Andre Brown – MEM [PF,C]: A D-League star who finished last season with Seattle, Brown will add some frontcourt depth to the Grizzlies.

Tarence Kinsey – MEM [SG,SF]: Kinsey got an extended tryout after the All-Star Break last season and put up some points (11.1 points in 28 minutes per game). He’s too low on the Grizzlies’ depth chart at this point to be taken seriously, but he could have some time to shine if a starter gets injured.


* Mike Conley, Jr. – MEM [PG,SG]: Drafted fourth overall in June, Conley is the team’s point guard of the not-so-distant future. While critics may target his age (he’ll be 20 in October), he matured a lot during the Buckeyes’ run to the NCAA Championship game, playing much older than a freshman in the tournament.

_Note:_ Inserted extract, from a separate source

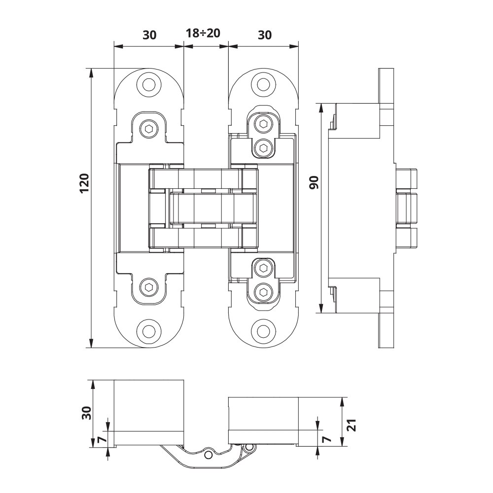 Zawias wpuszczany z możliwością regulacji położenia skrzydła w trzech płaszczyznach. Jest dedykowany do drewnianych drzwi bezprzylgowych, zamontowanych na ościeżnicy drewnianej / aluminiowej. Może być stosowany w drzwiach przeciwpożarowych. Jego trwałość została przebadana w teście obejmującym 200 000 cykli pracy. Siedem osi obrotu powoduje zmniejszone tarcie, płynny ruch ramion zawiasu oraz wpływa korzystnie na jego trwałość i nośność. Dodatkowo dzięki zastosowaniu nylonowych tulei o zwiększonej odporności na tarcie, łożyska zawiasu nie stykają się ze sobą podczas jego pracy.

He plays in the unselfish style that makes Steve Nash an MVP for the Suns. Not to mention, a variation of Phoenix’s offense will be implemented in Memphis. While it may take him some time to adjust to the NBA and to the international-style offense, he could be a very good point guard by season’s end.

* Rudy Gay – MEM [SG]: Gay will look to build on an impressive rookie campaign (10.8 points, 4.4 boards, 1.3 assists) as his role expands in 2007-08. He’ll need to shoot better to stay on the court (42.2 percent in 2006-07), but the team still envisions him as a superstar of the future and will give him the minutes to develop.

Juan Carlos Navarro – MEM [PG,SG]: He’s a 27-year-old rookie who left Europe as one of the continent’s best players, drawing comparisons to Manu Ginobili. He’s a very good shooter and should see time at two, especially considering his extensive experience playing with Pau Gasol on the Spanish National Team.

Casey Jacobsen – MEM [SG,SF]: Jacobsen played three seasons in the NBA, but he has played the past two years in Europe. He’s perfect for the role of perimeter shooter off the bench and can play either the two or three.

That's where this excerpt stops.